The Climate Crisis Is Still a Crisis
If the fate of American democracy is on the ballot in November, so too is the future of the planet.
With former Vice President Joe Biden leading in the polls and Democratic control of the Senate possible, the United States may soon have the chance, for the first time in more than a decade, to enact urgently needed legislation to address global climate change—but only if Democrats don’t repeat the mistakes they made at the start of the Obama administration.
In June 2009, the House of Representatives narrowly passed the American Clean Energy and Security Act, a comprehensive bill to stave off the worst effects of climate change. The landmark legislation died in the United States Senate, however, even though President Barack Obama supported climate action and Democrats controlled the Senate with a filibuster-proof majority. Other major issues took precedence: securing a stimulus package to address the recession, passing the Affordable Care Act, and enacting the Dodd-Frank financial reform and consumer-protection law.

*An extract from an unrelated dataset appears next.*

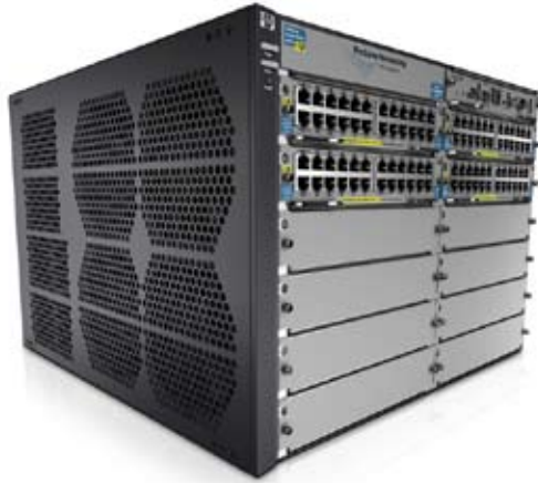
HP ProCurve Switch 5412zl

As a result, the United States scuttled its best chance to prevent the havoc of climate disruption. In the ensuing decade, the world hurtled at breakneck speed toward the precipice of climate disaster. The most optimistic scenario now is that we have only a decade left during which we can limit—not prevent—the economic calamity and public-health nightmare that climate disruption will visit upon our children and grandchildren; the worst-case scenario is that we have already passed the tipping point on climate.